After an hour, four busses had gone by, but no planes. My butt was gettin´ sore from sittin´ on a rock. I kept thinkin´ about my real body, sittin´ in a comfortable chair outta the sun in the ol´ Landyacht. I was startin´ to think I´d been sold a package of goods. I just knew there wasn’t gonna be no airplane landin´ on this airstrip. It was ridiculous. I was startin´ to feel bad for Dotty cause she was gonna be so disappointed.
I finally stood up and said, “Dotty, I don´t think it´s gonna come.”
“Sit down!
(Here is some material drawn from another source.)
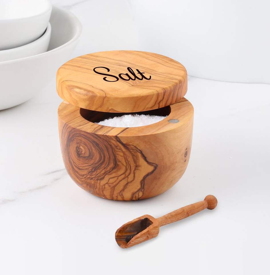 Salero y Pimentero Personalizados, Contenedor de Madera, Apto para Lavavajillas, Ecológico, Almacenamiento para Cocina, Regalo, Colección Hecha a Mano

Of course it´s gonna come!” I felt the breeze comin´ in off the ocean. Then I heard it! It sounded like and old lawn mower, sputterin´ and poppin´ in it´s last death throws. Then I saw it, gliddin´ down towards the old dirt runway.
It was a two seater Autogiro from somewhere around 1939. It had a propeller on it´s nose and a helicopter blade on top for vertical lift offs and landings. I´d made a plastic model of one when I was a kid and had hung it on a string from my bedroom ceiling.
It looked kinda rickety. It didn’t look safe at all, and worst of all it had no pilot. It had got here all by itself and parked right in front of us.
“Ain´t it a beauty!¨ Dotty beamed.
“Dotty! Look at this thing! I´d bet my last dollar that thing wouldn’t make it to the end of the runway judgin´ by the sound of that engine! Besides, it´s only got two seats. Where´s the pilot gonna sit?”
“What pilot. We don’t need no pilot. You´re gonna drive it!”
“What! Are you crazy? I don’t know nothin´ about flyin´ airplanes!”
“It´s easy,” she said. “A ten year old could do it!”
“Well, I´m not doin´ it!”
“Of course you are, Mr. yellow belly, imaginationist, story teller. I dare ya! There´s nothin´ to it!”
I looked at the controls. There wasn’t much to ´em.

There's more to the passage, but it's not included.